Bonamici's act aligns with U.S. Senator Jeff Merkley's bill that primarily seeks three new payday loan lender regulations: transparency and disclosure from online lenders in an attempt to end abusive practices that coerce borrowers into paying debts that they do not owe; to close the loopholes in the law that allows offshore lenders to empty consumer's bank-accounts; and to require that all providers are following healthy banking practices.
Following Bonamici's 2007 restrictions on on site lenders, Oregon saw a significant reduction in the amount of payday lender businesses: by 2008, three out of four of Oregon's on site lending businesses closed down, supposedly leading more borrowers to the internet.

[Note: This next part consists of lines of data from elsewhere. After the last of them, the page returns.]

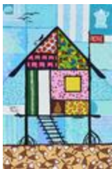
Habitation du bord de l'eau (2020.495)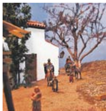
Grup Pessebrista de Sant Feliu del Racó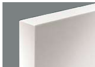
Melaminkantlist för dörrbladstjocklek 41 mm.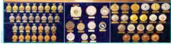
توکيو بدون توقف

پوشش آتش‌نشانی، نامتعارف، شبکه صنعت، فرماندهی است... رؤیای ملکه شدن با مانتوهای ۱۵ هزار تومانی!

While many online payday loan lending companies are legitimate and fair, it is common to come by offshore lenders who are unregulated and charge outrageous fees and interest to borrowers. Bonamici seeks to shut down such practices in an attempt to protect consumers. Yet, regulating online lenders is not as easy as managing on site businesses.

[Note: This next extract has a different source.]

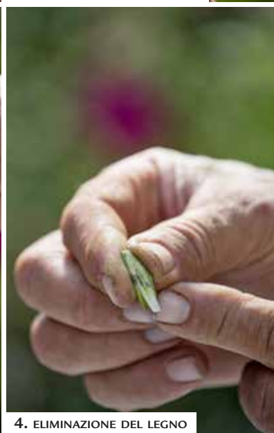
4. ELIMINAZIONE DEL LEGNO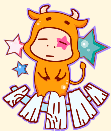
Taurus | 金牛座

偶尔跳脱常规，你将发现日子并不是那么枯燥无味，你的心情也活跃了起来，摆脱了往日所有的阴霾，对许多事都有了正面的想法。试着做点以前没有尝试过的事，你会感觉生活丰富多彩！不管是别人的搭讪或者你的主动，都是个不错的开始，千万不要错过哦。

For the past few years, Oregon legislatures has been coming down on the online payday loan industry, enacting laws that regulate interest rates, origination fees, and renewal terms. The Oregon Department of Consumer and Business Services has sought out companies that defy state law, filing law suits and charging rouge businesses with significant fines.
For instance, in 2011, one particular payday loan company was fined $ 90,000 for charging over 300% interest on loans, in defiance of Oregon law which caps interest rates at 36%. In trying to protect consumers, law makers such as Bonamici have played an integral role in cracking down on these types of unfair lending practices.

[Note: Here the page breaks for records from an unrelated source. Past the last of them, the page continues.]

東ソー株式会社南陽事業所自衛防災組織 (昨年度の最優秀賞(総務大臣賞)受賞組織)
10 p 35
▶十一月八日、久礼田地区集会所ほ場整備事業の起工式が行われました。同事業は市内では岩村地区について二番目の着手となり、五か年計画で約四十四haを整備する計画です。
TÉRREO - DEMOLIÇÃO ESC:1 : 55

However, Bonamici is faced with opposition, as many fear that the imposition of more restrictions will result in reliance on illegal online loans which charge even higher interest rates. According to a 2011 PEW study, these fears are unsound because, statistically, more government restrictions reduce payday loan reliance rather than leading borrowers to seek alternative loan options.
The study claims that 95 out of 100 borrowers would simply stop using a payday advance altogether and not securing an internet loan. Yet, many claim that the Oregon regulations on brick-and-mortar lending services did lead borrowers to online lenders. Regardless, regulating online services in addition to on site services may help reduce payday advance dependence; if the alternate option is unavailable, borrowers will have to seek other means to make ends meet.
The aforementioned PEW study indicates that when advance options are unavailable, most people cut back on expenses, borrow from family and friends, pawn goods, or delay paying bills to keep above water. While these solutions pose their own challenges, they are much more favorable to relying on unfair online loans that cost borrowers more money than they can reasonably repay. As such, Bonamici's efforts are beneficial to the masses and may help end the cycle of loan reliance.